### Given information:
========================

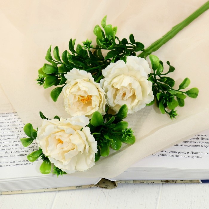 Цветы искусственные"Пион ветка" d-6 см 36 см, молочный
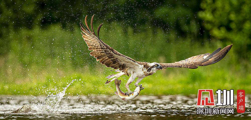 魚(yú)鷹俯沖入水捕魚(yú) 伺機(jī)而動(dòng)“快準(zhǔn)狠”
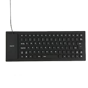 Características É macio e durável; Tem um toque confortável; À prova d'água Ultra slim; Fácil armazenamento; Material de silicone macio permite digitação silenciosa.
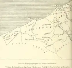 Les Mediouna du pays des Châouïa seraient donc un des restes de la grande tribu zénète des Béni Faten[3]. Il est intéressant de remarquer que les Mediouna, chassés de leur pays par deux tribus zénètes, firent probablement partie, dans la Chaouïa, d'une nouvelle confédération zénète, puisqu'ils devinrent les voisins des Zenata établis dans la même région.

========================

### Exercise:
Drop the pictures, then transcribe the lines from the one containing "魚(yú)鷹俯沖入水捕魚(y" to the end of the data above, exactly and nothing more.

### Output for this task:
 魚(yú)鷹俯沖入水捕魚(yú) 伺機(jī)而動(dòng)“快準(zhǔn)狠”
 Características É macio e durável; Tem um toque confortável; À prova d'água Ultra slim; Fácil armazenamento; Material de silicone macio permite digitação silenciosa.
 Les Mediouna du pays des Châouïa seraient donc un des restes de la grande tribu zénète des Béni Faten[3]. Il est intéressant de remarquer que les Mediouna, chassés de leur pays par deux tribus zénètes, firent probablement partie, dans la Chaouïa, d'une nouvelle confédération zénète, puisqu'ils devinrent les voisins des Zenata établis dans la même région.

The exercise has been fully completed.